*About this exercise*:
Only the lines below from the one containing "五彩炒饭制作完成啦!趁着热气,赶紧上桌享用吧!" through the one containing "- Have the warm" belong in the answer, set down exactly, with the pictures left out.

*Exercise inputs*:
··········

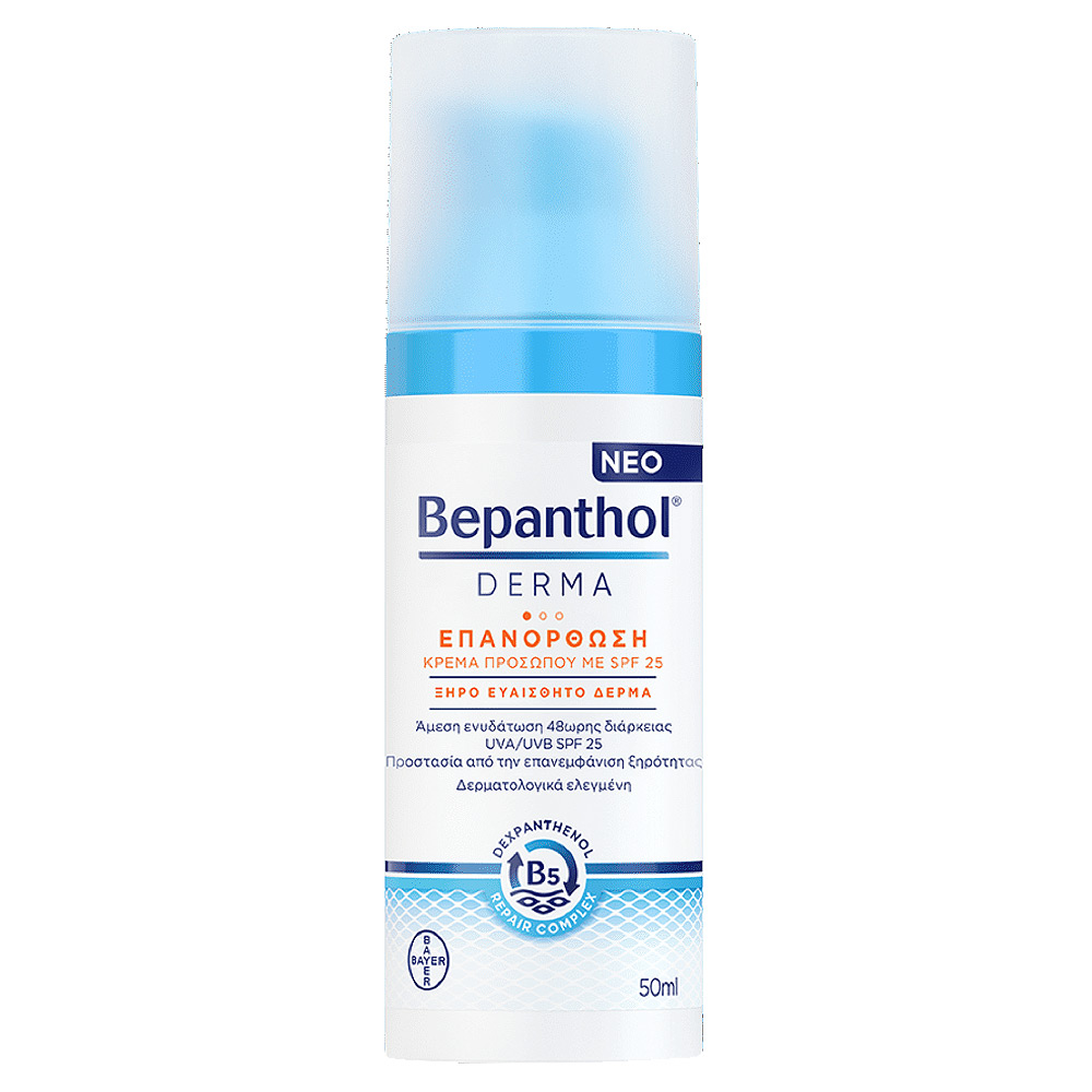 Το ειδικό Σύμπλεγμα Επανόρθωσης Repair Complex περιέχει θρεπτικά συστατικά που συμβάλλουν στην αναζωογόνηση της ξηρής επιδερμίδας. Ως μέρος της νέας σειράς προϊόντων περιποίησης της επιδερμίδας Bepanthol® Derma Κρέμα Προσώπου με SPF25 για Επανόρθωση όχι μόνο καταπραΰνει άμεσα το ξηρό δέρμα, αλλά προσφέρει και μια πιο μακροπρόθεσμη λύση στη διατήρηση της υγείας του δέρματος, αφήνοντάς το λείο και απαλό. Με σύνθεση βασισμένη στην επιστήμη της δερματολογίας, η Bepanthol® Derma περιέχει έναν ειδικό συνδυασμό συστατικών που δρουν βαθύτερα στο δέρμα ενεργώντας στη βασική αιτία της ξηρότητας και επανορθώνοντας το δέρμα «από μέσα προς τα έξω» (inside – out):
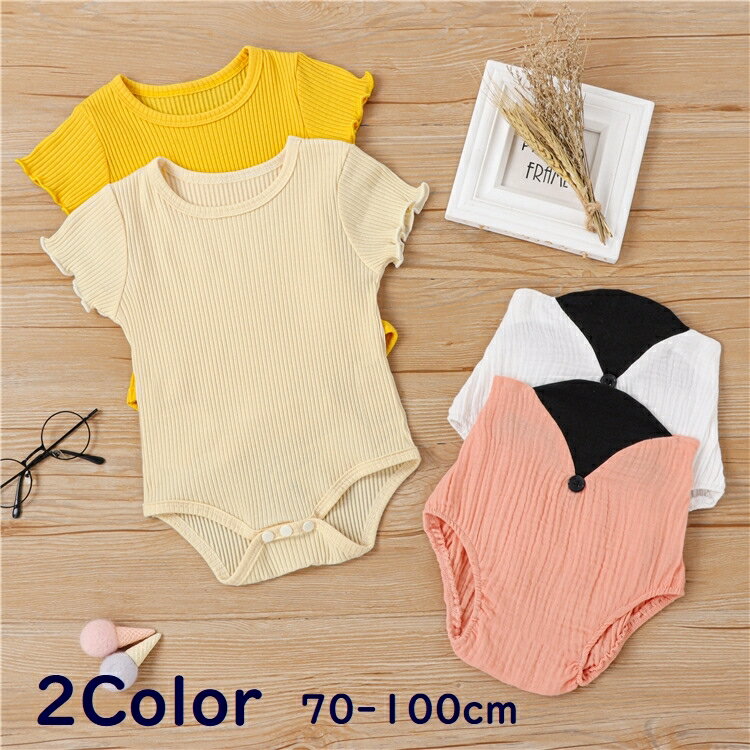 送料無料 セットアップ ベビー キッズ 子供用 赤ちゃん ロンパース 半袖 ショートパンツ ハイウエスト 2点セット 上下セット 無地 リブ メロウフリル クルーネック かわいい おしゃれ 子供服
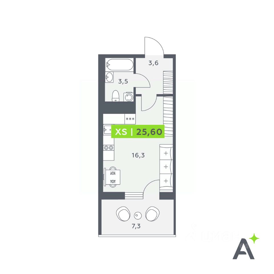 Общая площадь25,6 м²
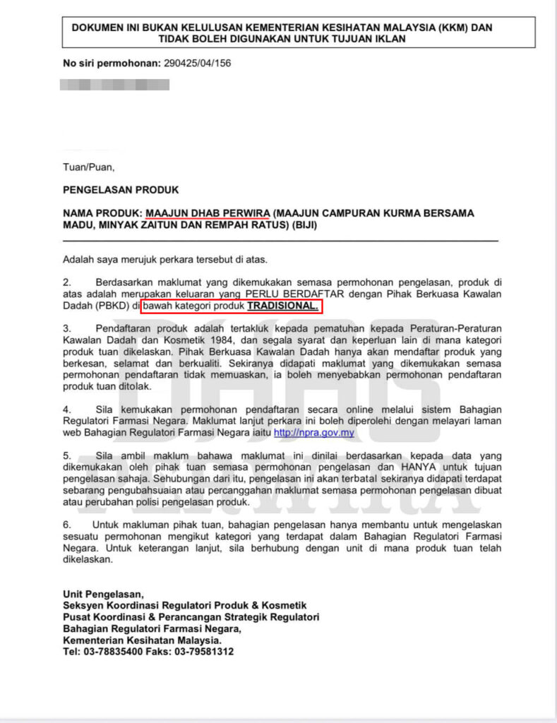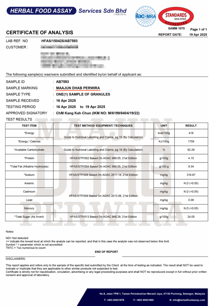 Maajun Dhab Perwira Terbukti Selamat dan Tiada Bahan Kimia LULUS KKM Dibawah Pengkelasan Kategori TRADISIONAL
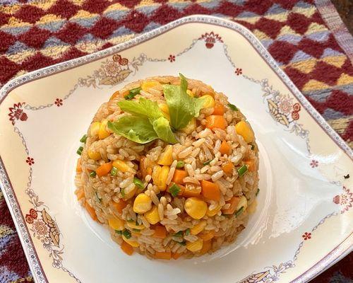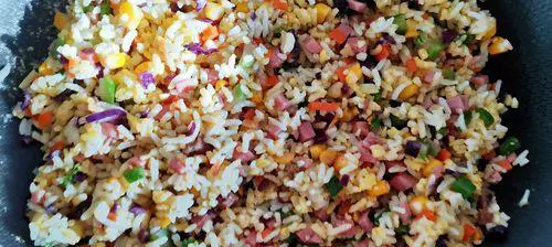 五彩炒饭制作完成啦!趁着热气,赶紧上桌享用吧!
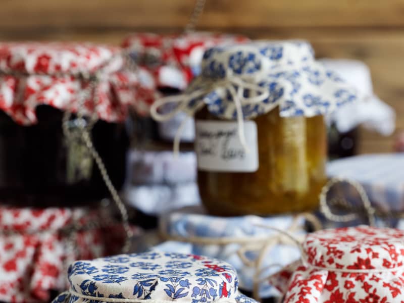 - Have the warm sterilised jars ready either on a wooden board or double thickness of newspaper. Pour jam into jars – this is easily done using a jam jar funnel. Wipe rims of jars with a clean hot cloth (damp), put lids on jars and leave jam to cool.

··········

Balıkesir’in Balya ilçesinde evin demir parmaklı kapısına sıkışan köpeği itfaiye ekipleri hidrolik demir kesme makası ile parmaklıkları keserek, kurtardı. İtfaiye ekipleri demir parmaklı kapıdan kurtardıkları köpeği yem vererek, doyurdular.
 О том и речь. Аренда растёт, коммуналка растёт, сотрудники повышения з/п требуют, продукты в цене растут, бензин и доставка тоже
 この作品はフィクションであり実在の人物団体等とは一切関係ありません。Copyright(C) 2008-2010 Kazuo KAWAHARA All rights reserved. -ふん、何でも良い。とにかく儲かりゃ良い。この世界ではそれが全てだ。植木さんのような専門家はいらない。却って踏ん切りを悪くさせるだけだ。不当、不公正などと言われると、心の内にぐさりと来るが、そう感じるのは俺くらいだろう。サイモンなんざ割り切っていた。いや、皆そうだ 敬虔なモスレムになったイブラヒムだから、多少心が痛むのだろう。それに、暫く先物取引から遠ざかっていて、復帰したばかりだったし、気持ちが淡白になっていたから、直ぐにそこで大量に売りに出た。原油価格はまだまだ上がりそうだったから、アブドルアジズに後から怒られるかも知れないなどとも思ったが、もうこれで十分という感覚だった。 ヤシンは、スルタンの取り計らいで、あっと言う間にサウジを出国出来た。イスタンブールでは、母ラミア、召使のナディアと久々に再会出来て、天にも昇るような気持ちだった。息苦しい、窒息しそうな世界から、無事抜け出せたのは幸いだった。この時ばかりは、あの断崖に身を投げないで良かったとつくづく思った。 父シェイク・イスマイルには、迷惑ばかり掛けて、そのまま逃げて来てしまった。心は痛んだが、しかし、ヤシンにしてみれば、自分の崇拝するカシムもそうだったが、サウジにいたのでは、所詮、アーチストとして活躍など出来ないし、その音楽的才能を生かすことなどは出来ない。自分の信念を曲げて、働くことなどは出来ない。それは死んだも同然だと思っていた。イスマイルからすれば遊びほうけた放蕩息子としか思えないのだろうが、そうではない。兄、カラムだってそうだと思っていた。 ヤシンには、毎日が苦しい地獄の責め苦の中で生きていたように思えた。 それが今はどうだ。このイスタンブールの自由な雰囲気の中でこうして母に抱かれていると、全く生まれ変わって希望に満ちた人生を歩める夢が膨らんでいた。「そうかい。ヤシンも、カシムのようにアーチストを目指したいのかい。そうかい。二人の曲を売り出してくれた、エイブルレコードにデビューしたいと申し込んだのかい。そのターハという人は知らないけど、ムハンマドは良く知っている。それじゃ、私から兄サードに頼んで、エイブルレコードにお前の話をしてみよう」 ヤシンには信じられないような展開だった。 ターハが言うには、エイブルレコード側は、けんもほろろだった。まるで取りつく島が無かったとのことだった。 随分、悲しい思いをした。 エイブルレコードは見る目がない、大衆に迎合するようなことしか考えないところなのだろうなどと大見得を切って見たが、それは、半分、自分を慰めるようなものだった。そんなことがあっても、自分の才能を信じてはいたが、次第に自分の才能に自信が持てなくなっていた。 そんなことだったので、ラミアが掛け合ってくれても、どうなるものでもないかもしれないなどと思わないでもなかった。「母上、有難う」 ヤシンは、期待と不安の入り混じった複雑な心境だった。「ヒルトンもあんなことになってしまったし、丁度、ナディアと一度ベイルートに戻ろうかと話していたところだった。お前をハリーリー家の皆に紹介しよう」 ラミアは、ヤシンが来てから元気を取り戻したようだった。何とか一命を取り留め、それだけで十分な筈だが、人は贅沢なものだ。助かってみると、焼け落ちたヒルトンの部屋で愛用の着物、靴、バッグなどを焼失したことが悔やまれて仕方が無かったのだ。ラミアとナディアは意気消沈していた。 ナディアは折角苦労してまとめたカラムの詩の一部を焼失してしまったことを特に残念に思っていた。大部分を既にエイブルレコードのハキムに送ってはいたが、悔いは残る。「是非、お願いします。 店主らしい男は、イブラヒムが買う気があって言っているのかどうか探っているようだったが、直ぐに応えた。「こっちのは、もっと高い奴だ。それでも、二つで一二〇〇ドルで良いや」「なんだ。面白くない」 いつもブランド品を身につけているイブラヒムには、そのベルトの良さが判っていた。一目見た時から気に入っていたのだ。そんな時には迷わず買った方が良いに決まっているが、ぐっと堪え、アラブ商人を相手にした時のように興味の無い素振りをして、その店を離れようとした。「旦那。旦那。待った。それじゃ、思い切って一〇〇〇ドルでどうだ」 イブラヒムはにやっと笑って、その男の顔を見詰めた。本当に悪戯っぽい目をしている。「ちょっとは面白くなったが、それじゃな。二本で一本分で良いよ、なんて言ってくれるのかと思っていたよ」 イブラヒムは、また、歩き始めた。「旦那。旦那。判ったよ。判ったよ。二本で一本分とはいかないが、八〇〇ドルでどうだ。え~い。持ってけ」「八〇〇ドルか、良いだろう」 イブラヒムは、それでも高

··········

*Reply to the exercise*:
 五彩炒饭制作完成啦!趁着热气,赶紧上桌享用吧!
 - Have the warm sterilised jars ready either on a wooden board or double thickness of newspaper. Pour jam into jars – this is easily done using a jam jar funnel. Wipe rims of jars with a clean hot cloth (damp), put lids on jars and leave jam to cool.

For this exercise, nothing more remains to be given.